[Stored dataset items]
◇ ◇ ◇

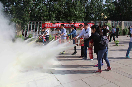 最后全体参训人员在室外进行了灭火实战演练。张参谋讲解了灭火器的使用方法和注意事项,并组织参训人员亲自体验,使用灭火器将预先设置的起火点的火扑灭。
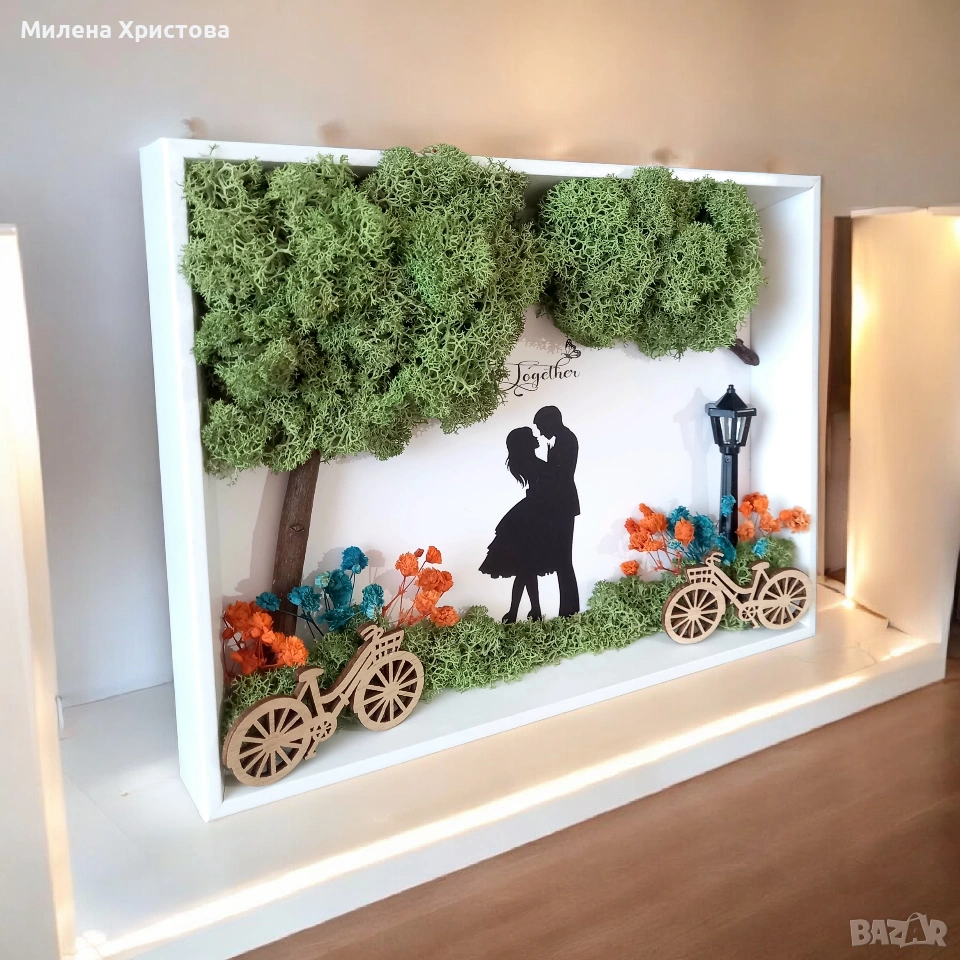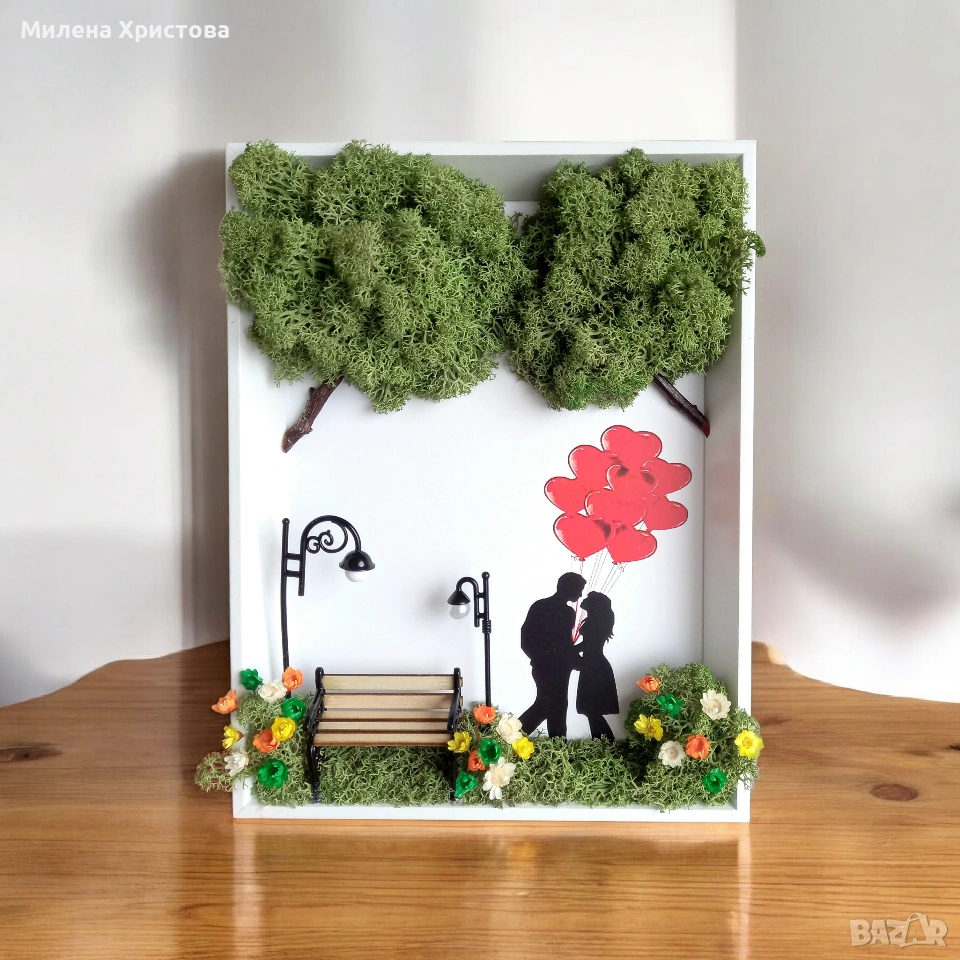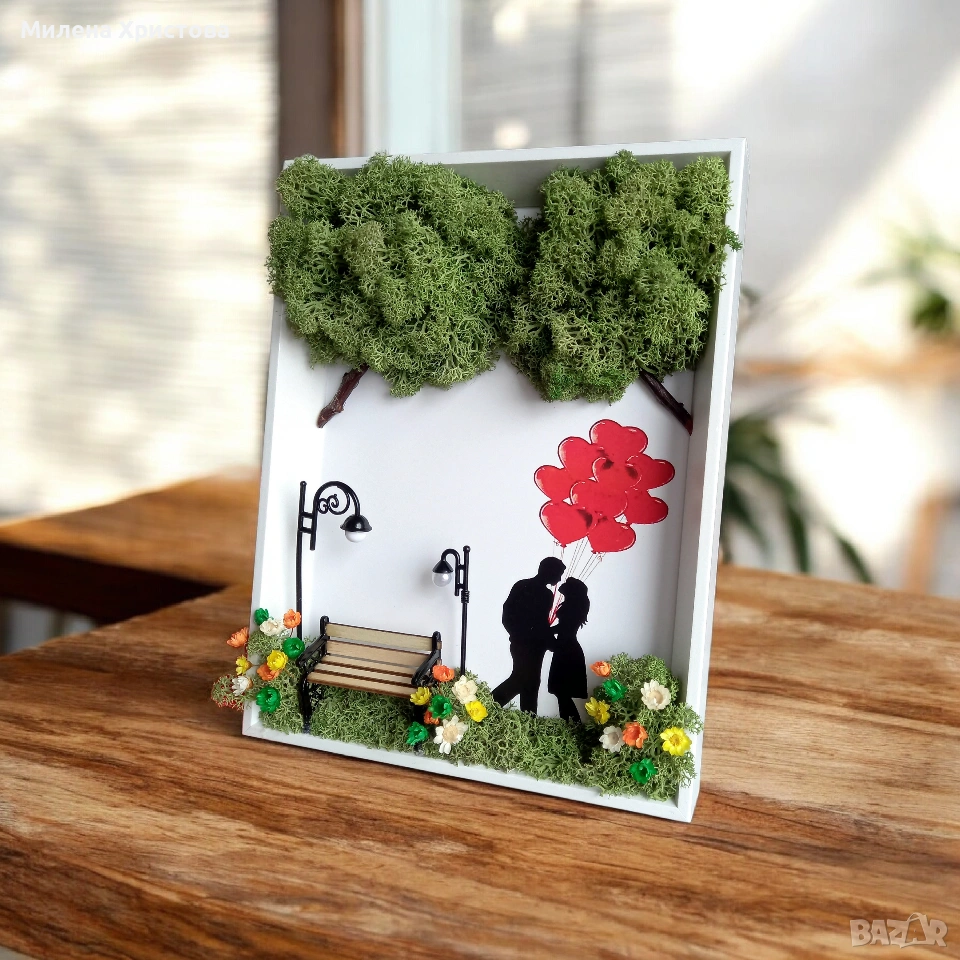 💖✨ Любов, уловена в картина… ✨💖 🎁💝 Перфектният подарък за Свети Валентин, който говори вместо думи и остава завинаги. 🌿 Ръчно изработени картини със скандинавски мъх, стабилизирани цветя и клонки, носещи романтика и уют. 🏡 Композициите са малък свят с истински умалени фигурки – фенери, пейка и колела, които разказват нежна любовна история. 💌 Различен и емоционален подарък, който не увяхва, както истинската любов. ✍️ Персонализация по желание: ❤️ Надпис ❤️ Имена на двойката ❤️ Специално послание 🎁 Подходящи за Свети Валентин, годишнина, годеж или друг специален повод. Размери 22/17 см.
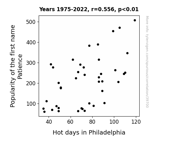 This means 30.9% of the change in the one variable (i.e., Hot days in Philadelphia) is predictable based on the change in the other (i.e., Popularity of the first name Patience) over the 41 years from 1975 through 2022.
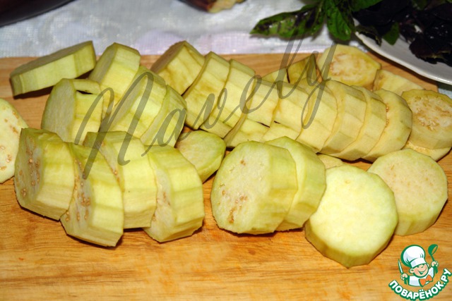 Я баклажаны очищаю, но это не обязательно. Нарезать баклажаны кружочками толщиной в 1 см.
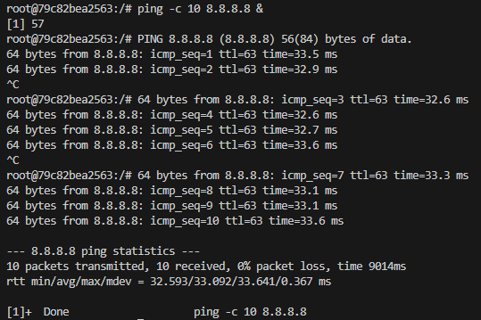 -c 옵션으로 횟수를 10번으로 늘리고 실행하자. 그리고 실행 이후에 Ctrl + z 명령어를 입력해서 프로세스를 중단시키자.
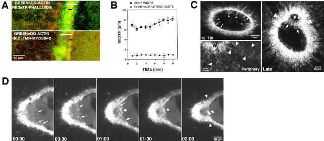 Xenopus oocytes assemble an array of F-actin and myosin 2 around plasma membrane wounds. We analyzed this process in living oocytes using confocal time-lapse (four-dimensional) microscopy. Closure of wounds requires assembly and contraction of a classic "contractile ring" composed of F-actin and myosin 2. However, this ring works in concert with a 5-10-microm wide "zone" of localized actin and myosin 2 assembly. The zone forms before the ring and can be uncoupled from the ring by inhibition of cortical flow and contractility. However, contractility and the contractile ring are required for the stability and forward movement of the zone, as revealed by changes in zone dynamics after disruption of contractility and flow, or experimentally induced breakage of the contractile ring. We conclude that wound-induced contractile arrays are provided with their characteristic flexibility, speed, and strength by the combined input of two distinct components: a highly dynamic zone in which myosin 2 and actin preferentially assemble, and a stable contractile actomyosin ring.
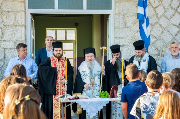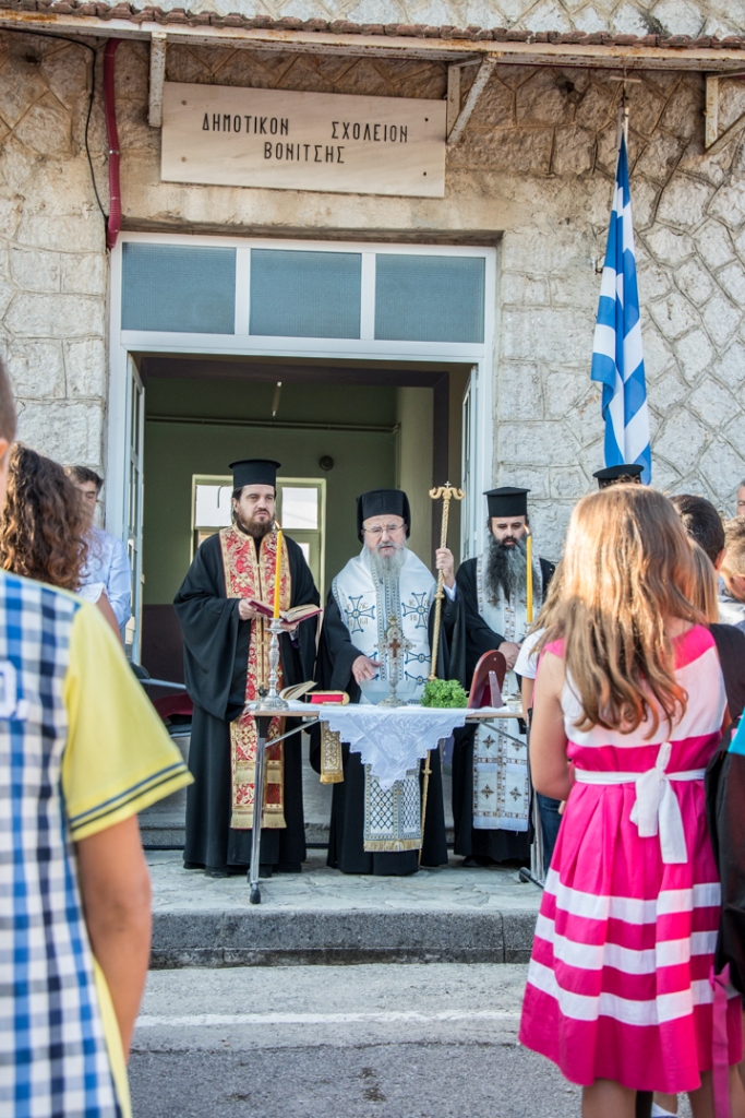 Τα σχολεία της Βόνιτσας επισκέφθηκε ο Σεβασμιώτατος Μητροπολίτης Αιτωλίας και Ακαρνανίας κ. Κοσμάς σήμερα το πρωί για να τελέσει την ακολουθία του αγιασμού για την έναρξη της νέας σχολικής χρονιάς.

◇ ◇ ◇

Problem details. Working from the data above, repeat exactly, and only, the lines that begin at the line containing "Я баклажаны очищаю, но" and stop after the line containing "-c 옵션으로 횟수를"; pictures are not copied.

Answer to the exercise.
 Я баклажаны очищаю, но это не обязательно. Нарезать баклажаны кружочками толщиной в 1 см.
 -c 옵션으로 횟수를 10번으로 늘리고 실행하자. 그리고 실행 이후에 Ctrl + z 명령어를 입력해서 프로세스를 중단시키자.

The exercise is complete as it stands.